Le parcours de soins chaotique des enfants épileptiques
Selon le Pr Sylvie N’Guyen, neuropédiatre à Lille et Secrétaire générale de la Société française de neuropédiatrie, les enfants épileptiques présentent aussi "des parcours particulièrement chaotiques" alors qu’ils nécessitent une prise en charge spécifique et cela dès la première crise. Pour la spécialiste, il est primordial que les enfants puissent avoir un accès rapide à un professionnel formé à l’épilepsie de l’enfant et à l’EEG de l’enfant. Cela permettra un traitement adapté et une prise en charge globale tout au long de son enfance, ainsi qu’un accompagnement de la famille.
Le Pr N’Guyen a déclaré qu’un problème particulièrement important est le passage de l’enfance à l’adolescence puis à l’âge adulte et qu’il est indispensable que le relais entre le neuropédiatre et le neurologue soit organisé avec l’appui du médecin traitant. En effet, "trop de jeunes adultes arrêtent leur suivi neurologique, avec des traitements qui sont parfois non adaptés ou poursuivis inutilement" déclare la spécialiste.

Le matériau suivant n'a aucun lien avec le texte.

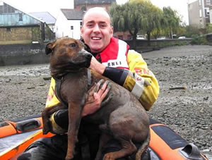His owner was unable to reach him across a particularly deep stretch of mud. The lifeboat crew soon learned that “Junior”, a 7 month old Staffordshire terrier, had impulsively leapt over the river wall and landed unhurt in the thick mud of the foreshore, 15 feet below.
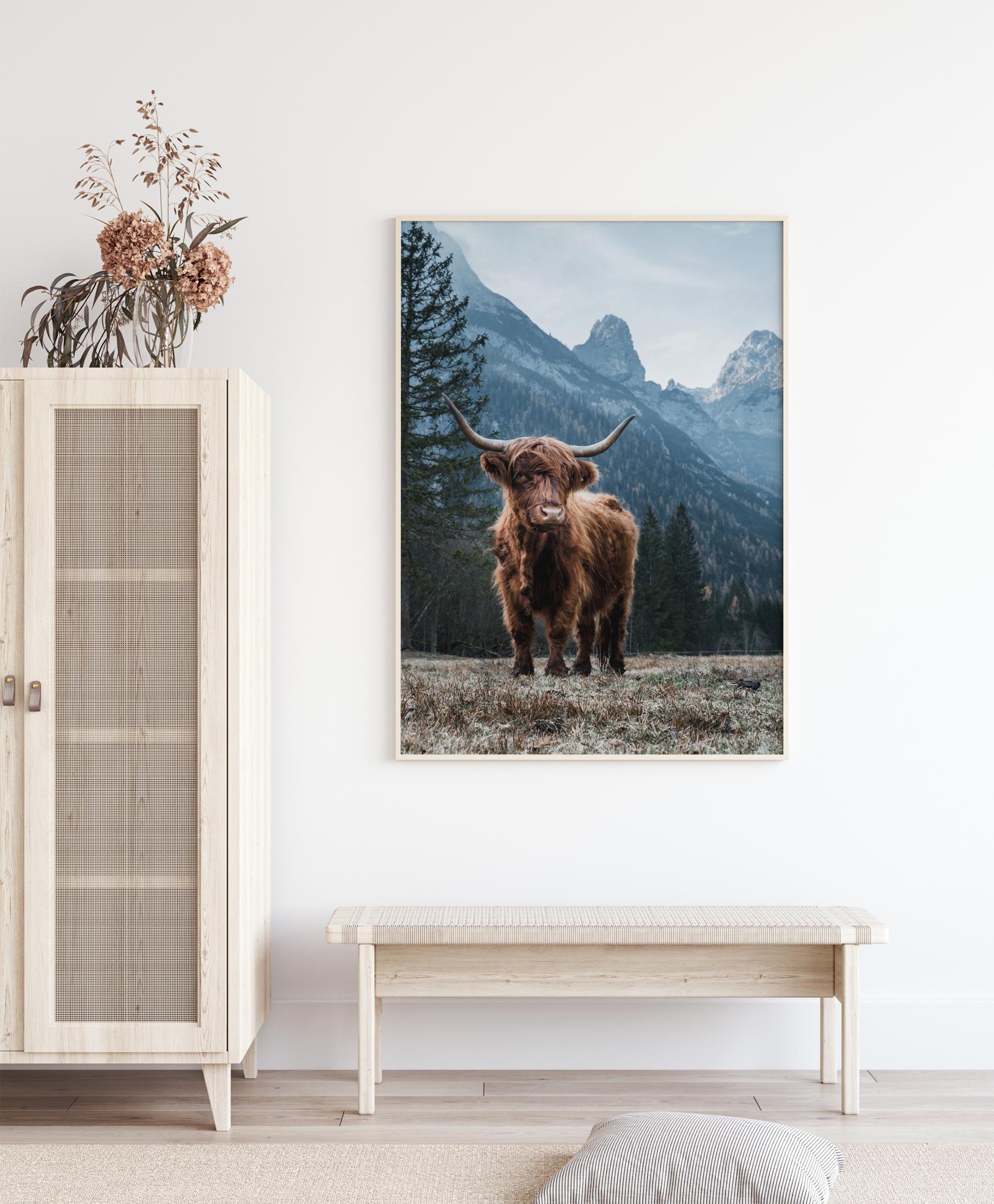 Un poster sălbatic cu o vacă de înaltă țară roșcată care stă singură pe un câmp. Munții abrupți, acoperiți cu zăpadă, încadrează acest frumos animal. Cu blana sa scurtă și zbârlită, care suportă condiții aspre, animalul nu pare deranjat de nimic. Folosește-ți imaginația și imaginează-ți că te afli pe câmpiile scoțiene.

Un appel aux pouvoirs publics
Face à cette situation, la Société Française de neurologie (SFN), la Société française de neurologie pédiatrique (SFNP) ainsi que tous les acteurs concernés par l’épilepsie demandent que les pouvoirs publics leur permettent de structurer et d’organiser une vraie filière de prise en charge des patients et de favoriser le recours à l’EEG par les neurologues. Ils demandent également des aides d’information pour changer le regard sur la pathologie.